Лука Лукич слушал его молча. Он не пил, но подливать гостю не забывал, тот не отказывался и, не закусывая, пил рюмку за рюмкой. Порою обрывая свою исповедь на полуслове, Татарников сидел некоторое время с полузакрытыми глазами, стараясь, видимо, сообразить: то ли он говорит? Вот и сейчас, помолчав, пожевав бескровными, вялыми губами после выпитой рюмки, он снова заговорил, но на этот раз в более ровном, спокойном тоне.
— Вот так, Лука Лукич… Мы с ним в четырнадцатом году в одном полку в действующую армию уходили. Вместе в Августовских лесах при разгроме армии Самсонова едва не погибли. Потом — гражданская война. Служба у Колчака. Затем — под черными знаменами атамана Анненкова. И так далее… Как видите, крепко, крест-накрест связала нас с ним судьба. Не разлучила она нас и там, за кордоном — в Маньчжурии, в Харбине. Тут мы на первых порах и в чинах, пожалуй, сравнялись — оба долгое время не у дел были. Пока к атаману Семенову не попали. Года два в ресторане «Шануар» — черная кошка, по-русски — на равных правах трудились: я — официантом, он — на вешалке. Шикарный был ресторан. Вроде московского «Яра» или петербургской «Стрельны». С цыганским хором. И цыганки — без дураков — высокой пробы!
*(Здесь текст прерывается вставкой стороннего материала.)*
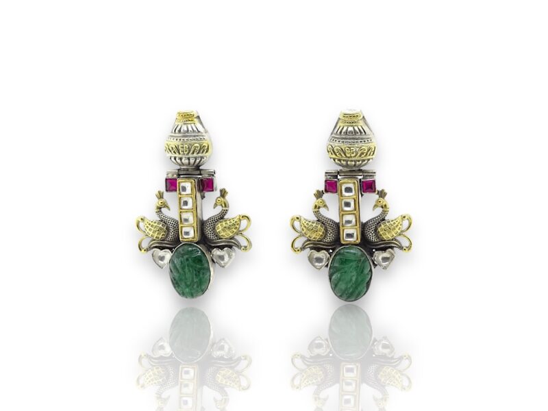 Green stone white kundan earrings

Там и певица была — Маша Незнамова — не хуже Вари Паниной. Ее тоже на руках носили!
— И я одну цыганку знавал! — с живостью откликнулся Лука Лукич. — В молодости. На Ирбитской ярманке. Совсем башку было с ней потерял. Двух родительских рысаков в дар ей за песни принес. Всю выручку за оптовую продажу бараньих курдюков за кутеж с этой дамой в меблированных комнатах «Зауралье» оставил. Чуть с ума не сошел от ее песни «Эх, да запрягай-ка пару серых!» Вот пела — одуреть можно! Да я и одурел. Спасибо, родитель вовремя явился. Выпорол меня ременным кнутом с махрами и препроводил восвояси с трояком в кармане! — сказал с усмешкой Лука Лукич и, облокотись на стол, задумался, объятый минутной грустью о минувшей молодости…
А Татарников, уже не обращая внимания на то, слушает его Бобров или нет, продолжал вполголоса, в том же исповедном тоне, говорить о себе:
— Были мы с ним люди одной судьбы. Так во всяком случае было там — за границей. Да по-разному встретила нас родная степь! — вдруг почти вскрикнул Татарников, и Бобров на мгновение уловил в узких глазах гостя вспышку злых искорок.